Calvin Peter Emayu

Personal information
- Full name: Calvin Peter Emayu
- Position: Winger

Team information
- Current team: Entebbe UPPC

College career
- Years: Team / Apps / (Gls)
- Uganda Martyrs University

Senior career*
- Years: Team / Apps / (Gls)
- 2024: Ntugasaze
- UWA Football Club
- 2026–: Entebbe UPPC

= Calvin Peter Emayu =

Ugandan footballer

Calvin Peter Emayu is a Ugandan footballer who plays as a winger for Uganda Premier League club Entebbe UPPC. He joined the club from UWA Football Club in September 2026. He also represented Uganda Martyrs University, helping the team win the 2024–25 University Football League.

== Career ==
=== University football ===
Emayu played for Uganda Martyrs University at the 2023 Association of Uganda University Sports Games.

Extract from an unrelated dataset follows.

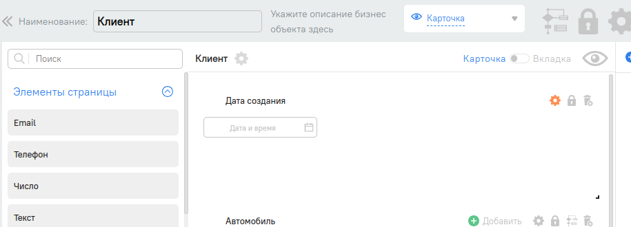 Добавим системное поле "Дата Создания" в наше БО Клиент, чтобы отображать его для просмотра:

In December 2024, he scored the first goal in a match between his team Uganda Martyrs against Makerere University where they won 2-1, in the men's football final of the Eastern Africa University Games.

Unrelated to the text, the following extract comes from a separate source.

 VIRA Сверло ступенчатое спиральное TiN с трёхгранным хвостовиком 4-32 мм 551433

On 27 April 2025, Emayu opened the scoring in the match of Uganda Martyrs against St. Lawrence University in the University Football League final at Muteesa II Stadium. His team won with 3-0 score, and this victory secured the university's third title. He also made an assist goal in this match.

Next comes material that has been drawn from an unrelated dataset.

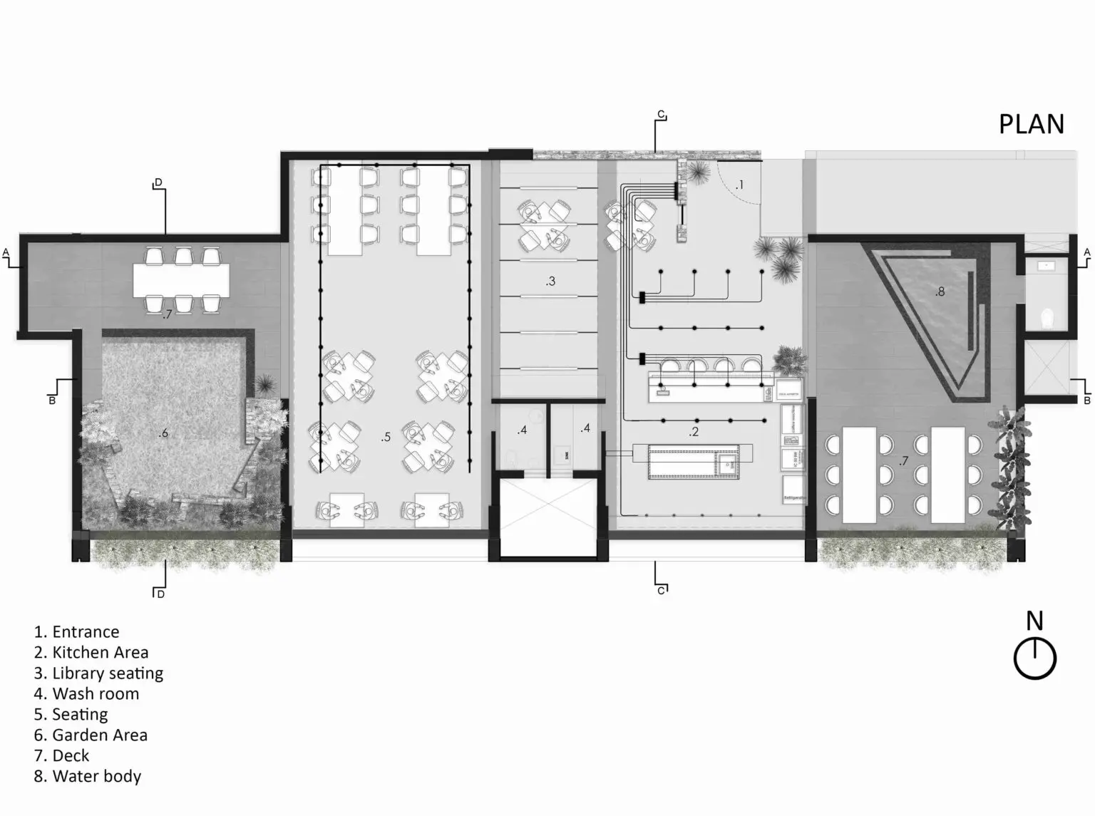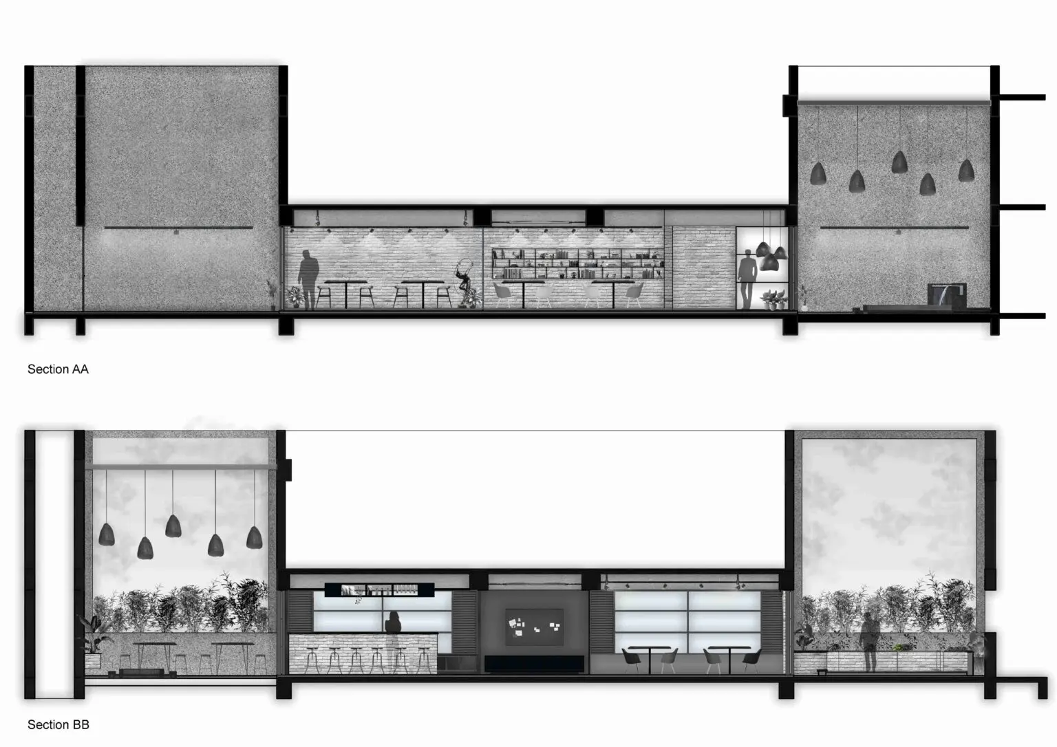 Within the café space, the seating areas, bar and open kitchen area and terrace areas are arranged for effortless flow of not only beverages, but also people, during times of large gatherings.

After the tournament, the Uganda newspaper The Observer selected Emayu as the left winger in its team of the 2024–25 University Football League season.

=== Ntugasaze ===
Emayu played for Ntugasaze in 2024. On 27 June, he scored in the 75 minute of a match against Proline FC where his team won 2-0. Ntugasaze managed to secure promotion to the FUFA Big League for the 2024-2025 season.

=== Masaza competitions ===
Emayu also played in the Busoga Masaza Cup. He was also included in Kyaggwe's squad for the 2026 competition.

=== Entebbe UPPC ===
In September 2026, Emayu joined Entebbe UPPC from UWA Football Club on a two-year contract.